___ Data records ___

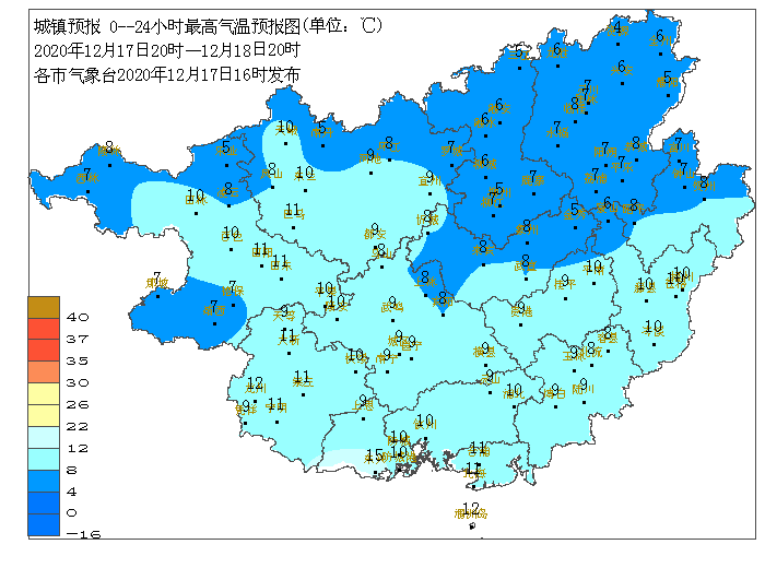 广西气象台预计,随着一股干燥的冷空气补充影响,气温仍会处在一个持续偏低的水平,但天空状况转好。白天雨水停歇,高寒山区及桂北局部仍有冰冻或道路结冰。未来几天,气温回升得缓慢,白天有太阳照晒气温高一些,未来几天,全区大部最高气温逐渐回升到10℃以上,21日大部最高气温都将回升至15~18℃。
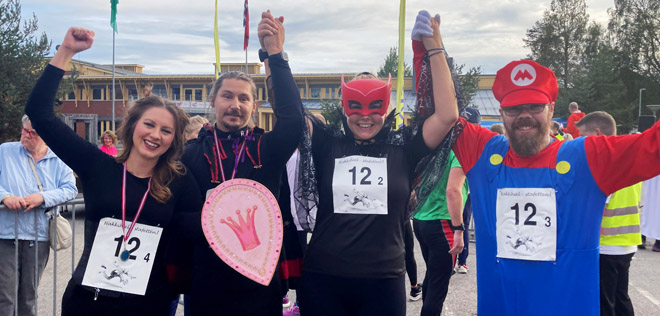 Åmot ungdomsskole stilte med lærerlag under årets utgave av "Hakk i hæl-stafetten". Selv om Petter, Sarah, Emil og Maren stilte i superhelt-kostymer holdt det utrolig nok ikke til seier ;), men innsatsen var det lite å si på. Flott jobbet!
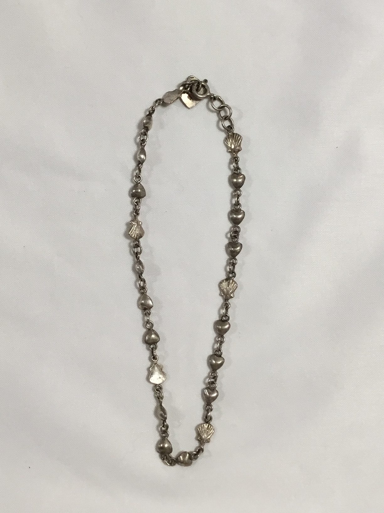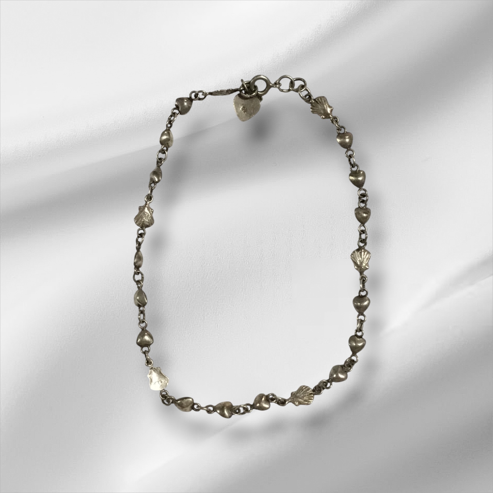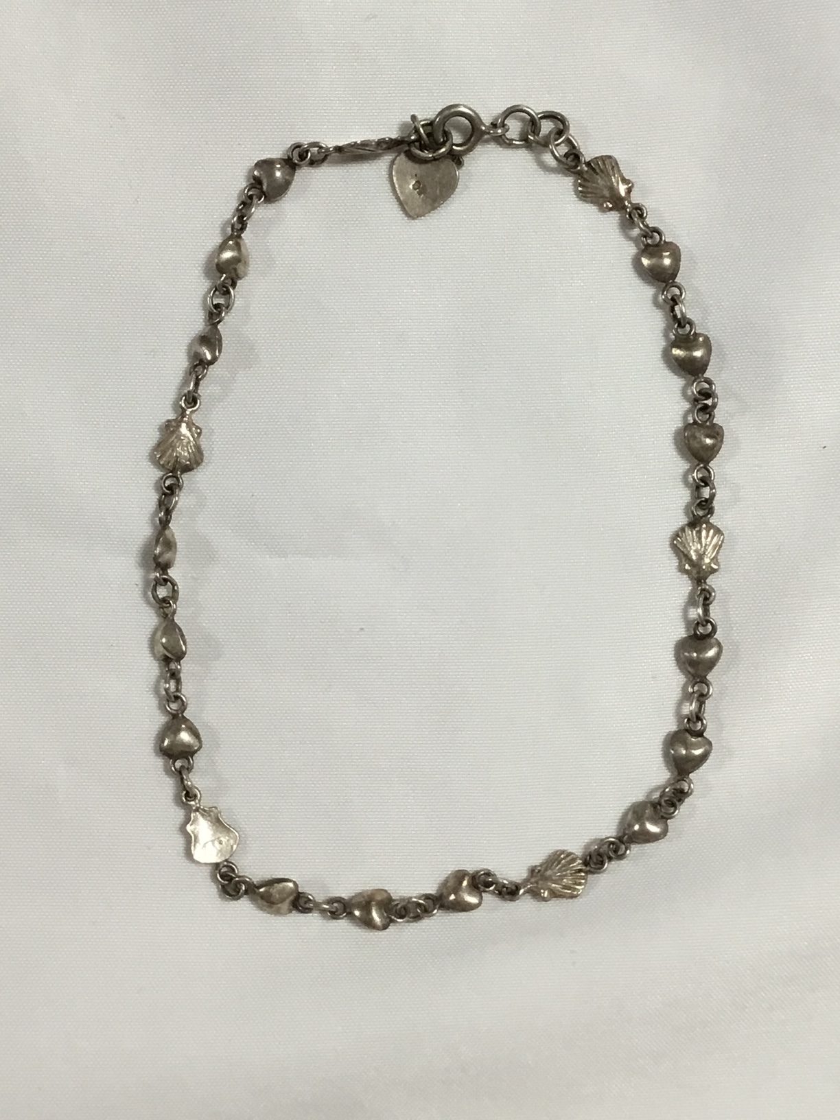 Sterling Silver Shell & Heart Bracelet 8″. Marked 925. Please view the images for condition and details and grade by your own grading standards.
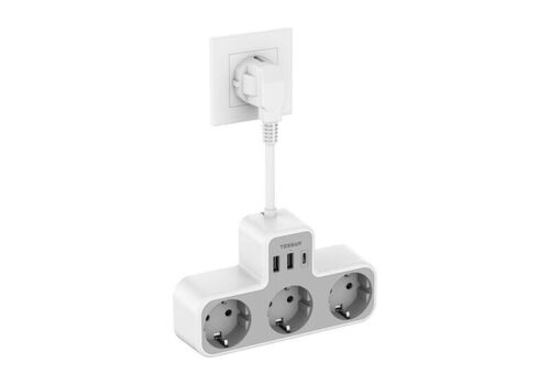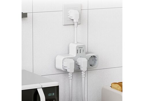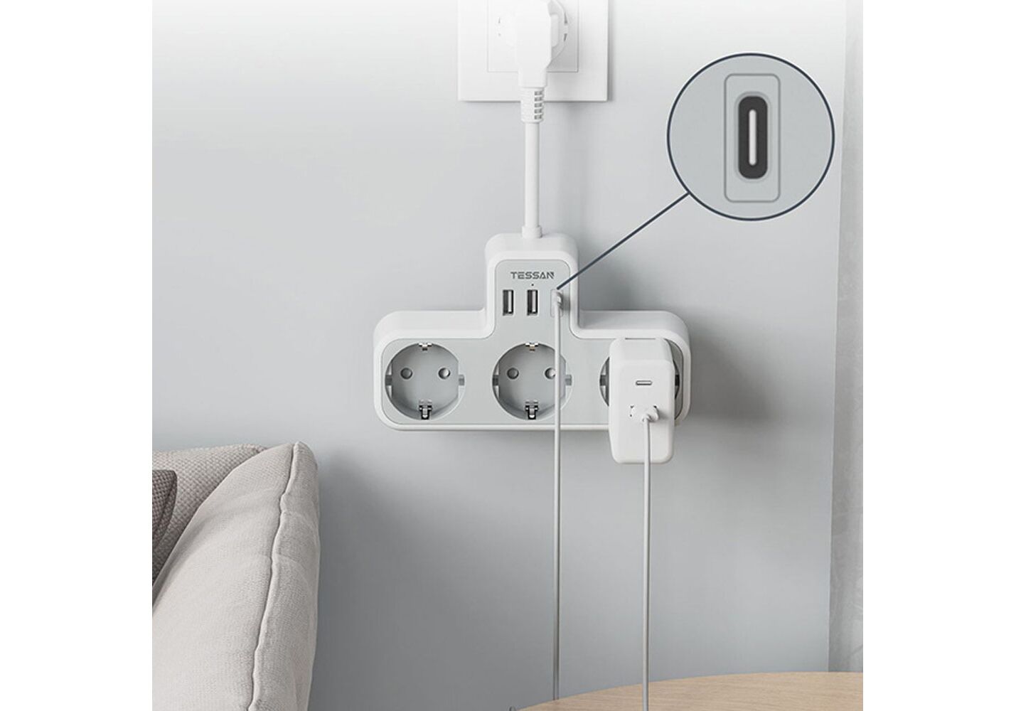 Το TESSAN TS-323X-C προσφέρει 3 πρίζες AC, 1 θύρα USB-C και 2 θύρες USB-A, επιτρέποντάς σας να φορτίζετε πολλές συσκευές ταυτόχρονα. Με συμπαγές μέγεθος 12,3 x 6,6 cm και κοντό καλώδιο 15 εκ., καταλαμβάνει ελάχιστο χώρο ενώ προσφέρει μέγιστη ισχύ έως 3600 W.
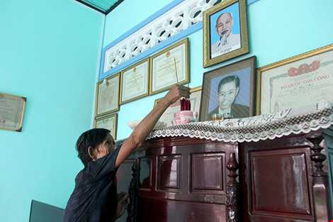 Có được ngôi nhà mới, mẹ Oanh dời bàn thờ liệt sĩ sang nhà mới để tiện việc nhang khói mỗi ngày.
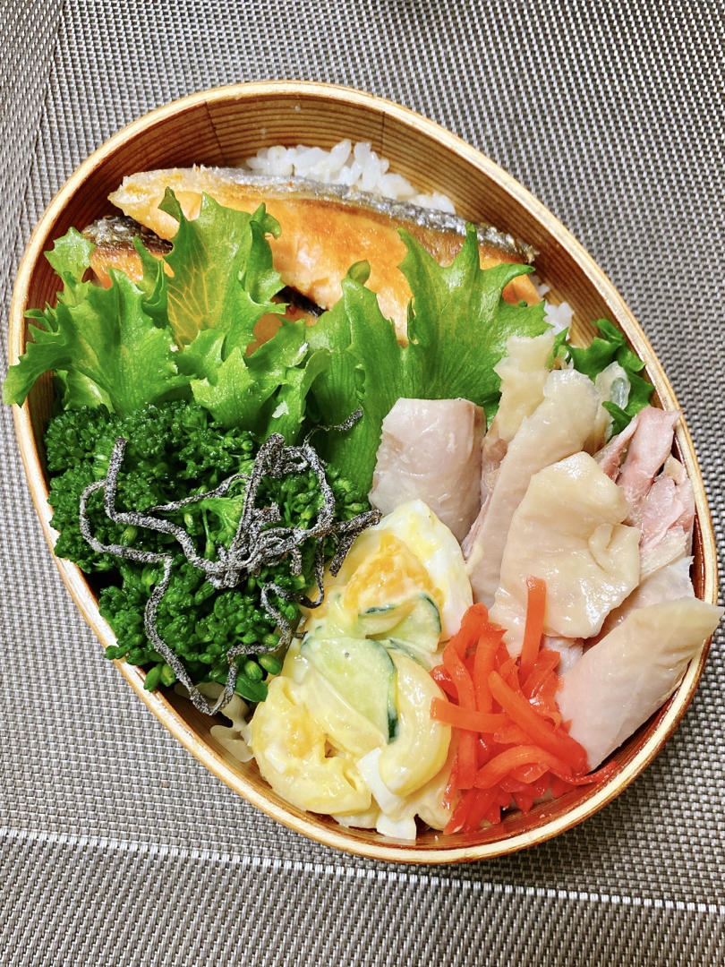 【便当日记】今天的主角有些多:咸鸡、鲑鱼、上海罗宋汤。好热闹的一餐~😍
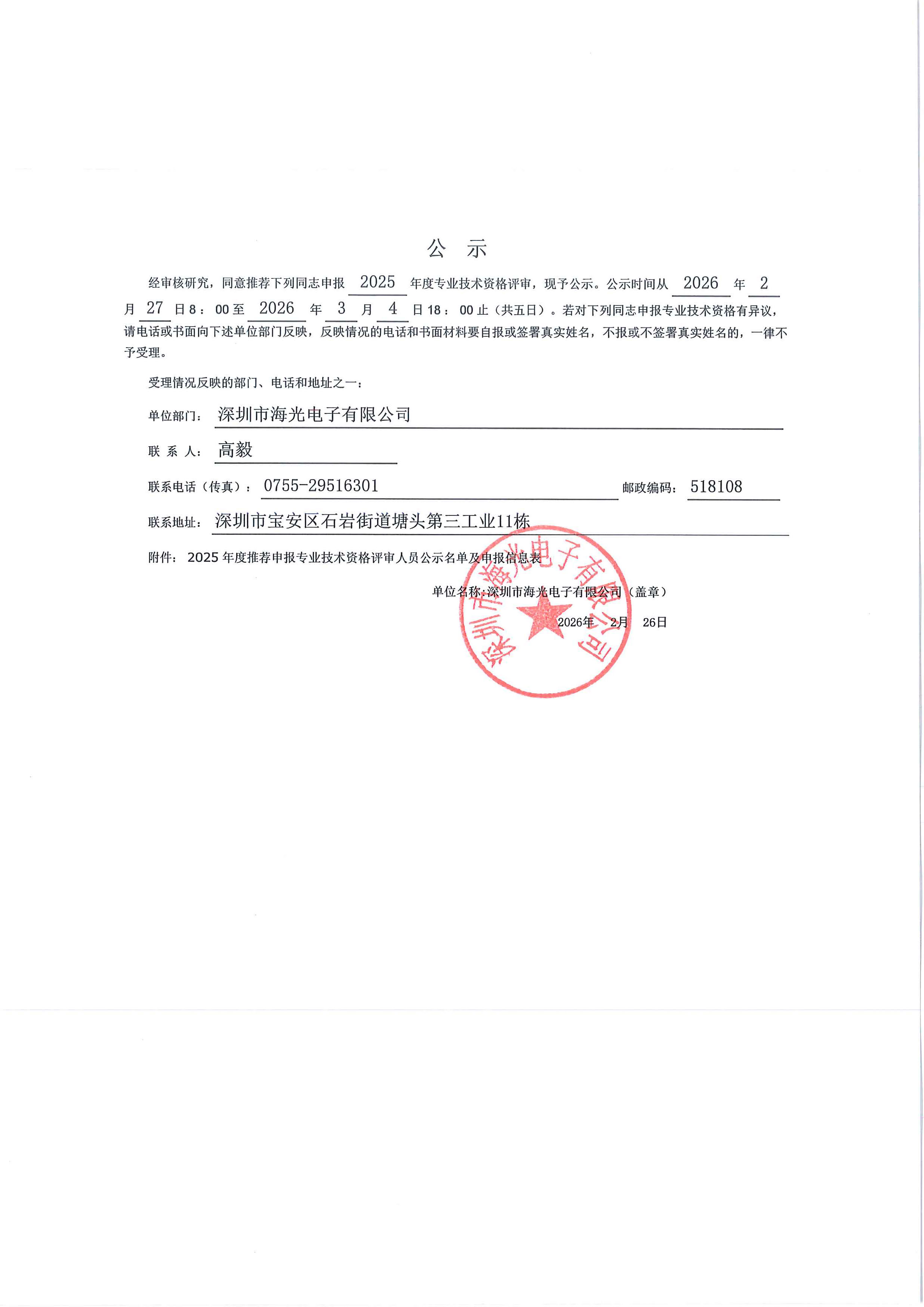 2.公示對象申報材料(含業(yè)績成果、學(xué)歷資歷、繼續(xù)教育證明等)可在本公司二樓綜合會議室查閱。
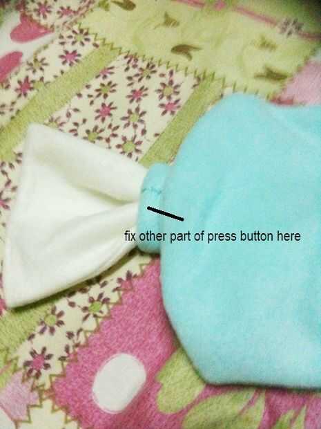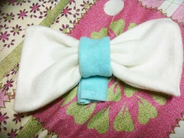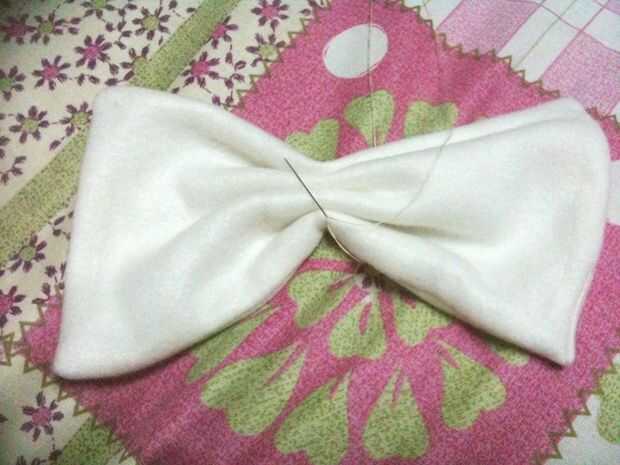 En el centro del otro extremo coser un botón... coser el botón correspondiente a la parte posterior del arco.
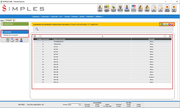 - Grade de Acessórios: Mostra todos os Armazéns cadastrados.
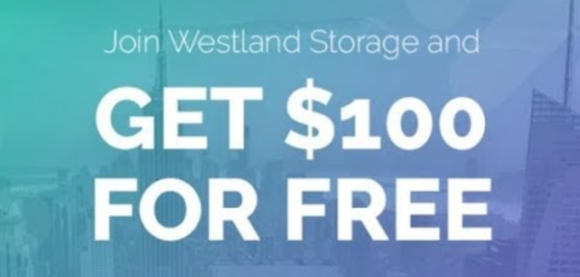 WestLand Storage & Prämienprogramm anmelden und Sie erhalten nur für das Anmelden $100
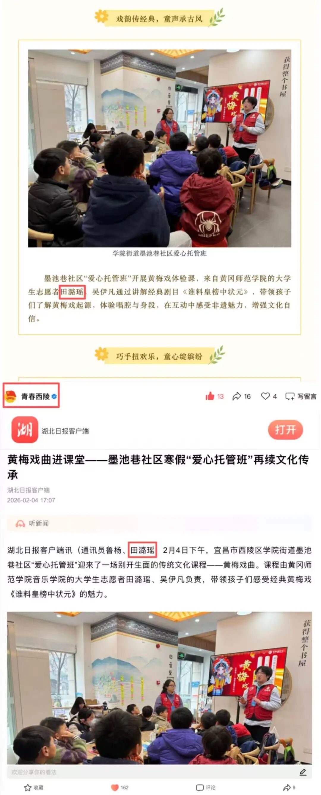 此次志愿服务活动获得了湖北日报、河南日报以及“青春西陵”微信公众号等多家媒体平台的关注与转发点赞,充分展现了我院学子扎根地方、服务社会的青春担当。家长们也纷纷给予好评,认为这样的课程既丰富了孩子的假期生活,又在孩子心中播下了热爱传统文化的种子。
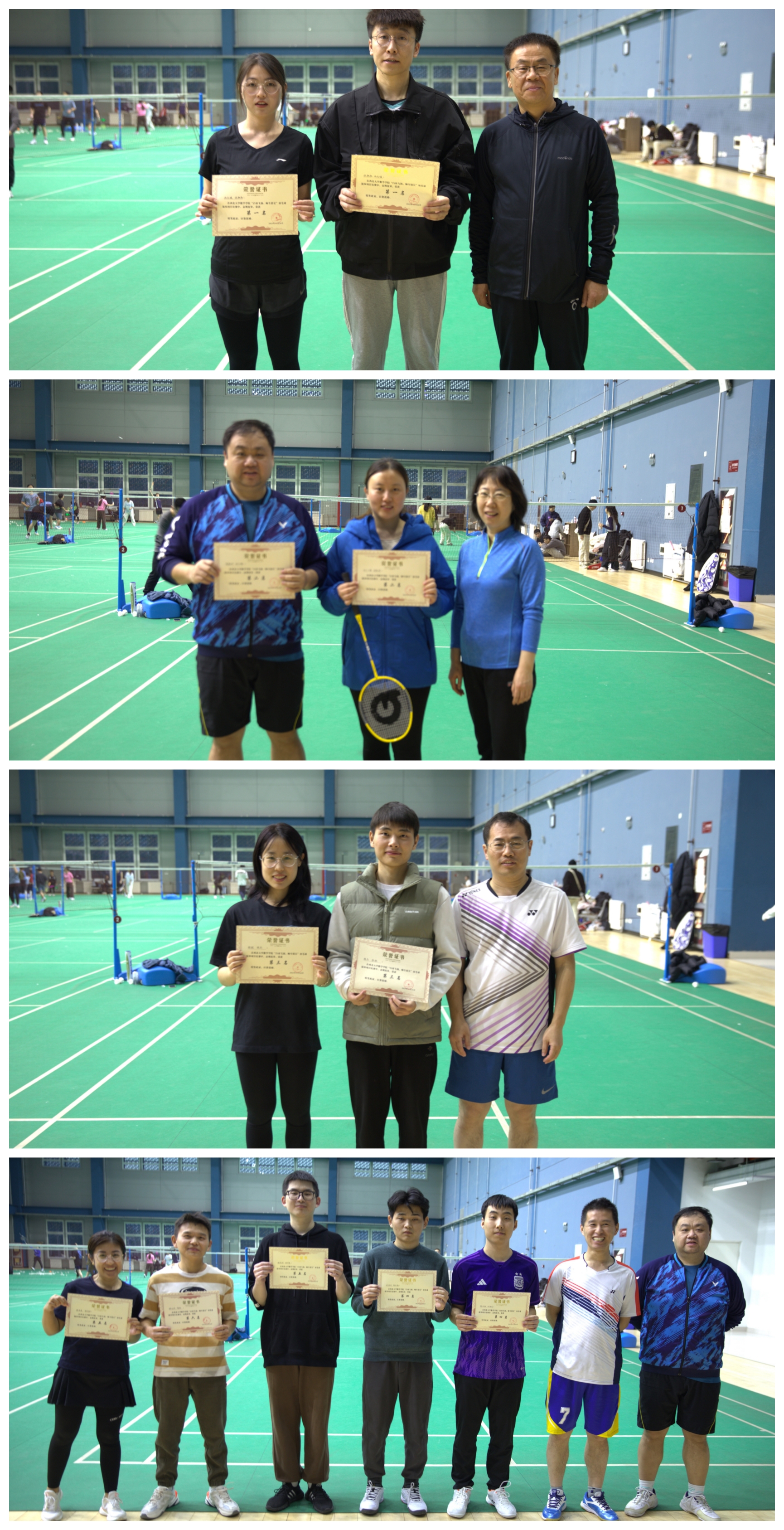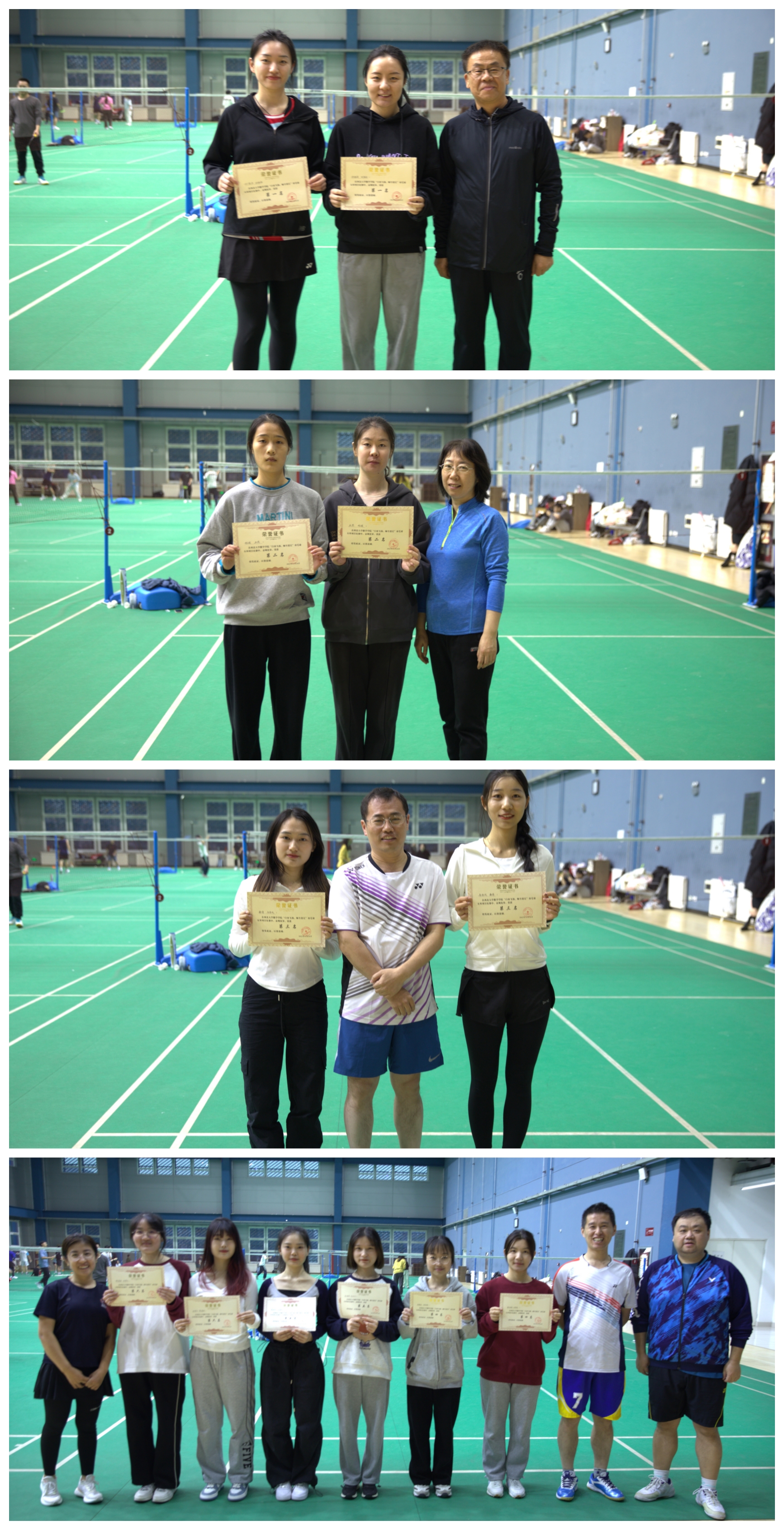 终场的哨声响起,比赛结束了。选手们互相致以赞美和鼓励,他们用自己的奋斗和汗水展现了羽毛球运动的魅力与激情。他们实力的竞争,师生情谊的链接,场上的拼搏,一切都将成为心中难以磨灭的回忆。闭幕式上,李长宏书记、魏玲老师、冷成财老师、吴振刚老师、张洁琼老师和李岩老师分别为获胜队伍颁发奖状和奖品并合影留念。
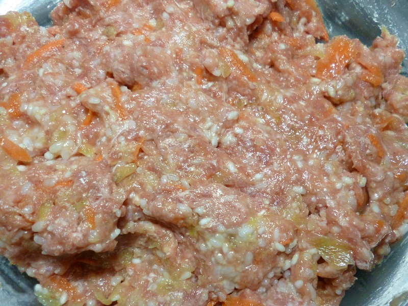 Мясной фарш, яйцо, рис, тёртая морковь, измельчённый болгарский перец и лук, чеснок, перец, соль – перемешать. Сформовать тефтельки размером с куриное яйцо.
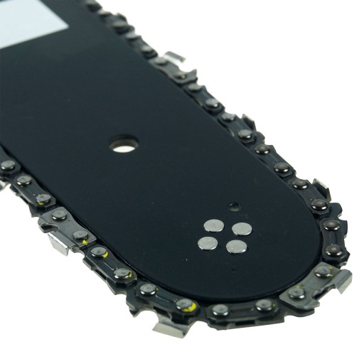 Prowadnica do piły wykonana jest z bardzo twardego materiału, odpornego na ścieranie i wysoką temperaturę, jaka powstaje w czasie pracy pilarką. Łańcuch tnący wykonany jest ze stali karbonowej, dzięki zastosowaniu nawęglania otrzymano powłokę odporną na ścieranie i tępienie przy zachowaniu plastycznego rdzenia ogniw, z tego powodu oferowany łańcuch jest mocniejsze i trwalsze w użytkowaniu. Budowa łańcucha powoduje ograniczenie wibracji na uchwytach pilarki.

___

Problem: Pictures do not belong in the copy. Repeat only the lines from the top of the records through the line containing "Мясной фарш, яйцо, рис, тёртая".

Problem solution:
 广西气象台预计,随着一股干燥的冷空气补充影响,气温仍会处在一个持续偏低的水平,但天空状况转好。白天雨水停歇,高寒山区及桂北局部仍有冰冻或道路结冰。未来几天,气温回升得缓慢,白天有太阳照晒气温高一些,未来几天,全区大部最高气温逐渐回升到10℃以上,21日大部最高气温都将回升至15~18℃。
 Åmot ungdomsskole stilte med lærerlag under årets utgave av "Hakk i hæl-stafetten". Selv om Petter, Sarah, Emil og Maren stilte i superhelt-kostymer holdt det utrolig nok ikke til seier ;), men innsatsen var det lite å si på. Flott jobbet!
 Sterling Silver Shell & Heart Bracelet 8″. Marked 925. Please view the images for condition and details and grade by your own grading standards.
 Το TESSAN TS-323X-C προσφέρει 3 πρίζες AC, 1 θύρα USB-C και 2 θύρες USB-A, επιτρέποντάς σας να φορτίζετε πολλές συσκευές ταυτόχρονα. Με συμπαγές μέγεθος 12,3 x 6,6 cm και κοντό καλώδιο 15 εκ., καταλαμβάνει ελάχιστο χώρο ενώ προσφέρει μέγιστη ισχύ έως 3600 W.
 Có được ngôi nhà mới, mẹ Oanh dời bàn thờ liệt sĩ sang nhà mới để tiện việc nhang khói mỗi ngày.
 【便当日记】今天的主角有些多:咸鸡、鲑鱼、上海罗宋汤。好热闹的一餐~😍
 2.公示對象申報材料(含業(yè)績成果、學(xué)歷資歷、繼續(xù)教育證明等)可在本公司二樓綜合會議室查閱。
 En el centro del otro extremo coser un botón... coser el botón correspondiente a la parte posterior del arco.
 - Grade de Acessórios: Mostra todos os Armazéns cadastrados.
 WestLand Storage & Prämienprogramm anmelden und Sie erhalten nur für das Anmelden $100
 此次志愿服务活动获得了湖北日报、河南日报以及“青春西陵”微信公众号等多家媒体平台的关注与转发点赞,充分展现了我院学子扎根地方、服务社会的青春担当。家长们也纷纷给予好评,认为这样的课程既丰富了孩子的假期生活,又在孩子心中播下了热爱传统文化的种子。
 终场的哨声响起,比赛结束了。选手们互相致以赞美和鼓励,他们用自己的奋斗和汗水展现了羽毛球运动的魅力与激情。他们实力的竞争,师生情谊的链接,场上的拼搏,一切都将成为心中难以磨灭的回忆。闭幕式上,李长宏书记、魏玲老师、冷成财老师、吴振刚老师、张洁琼老师和李岩老师分别为获胜队伍颁发奖状和奖品并合影留念。
 Мясной фарш, яйцо, рис, тёртая морковь, измельчённый болгарский перец и лук, чеснок, перец, соль – перемешать. Сформовать тефтельки размером с куриное яйцо.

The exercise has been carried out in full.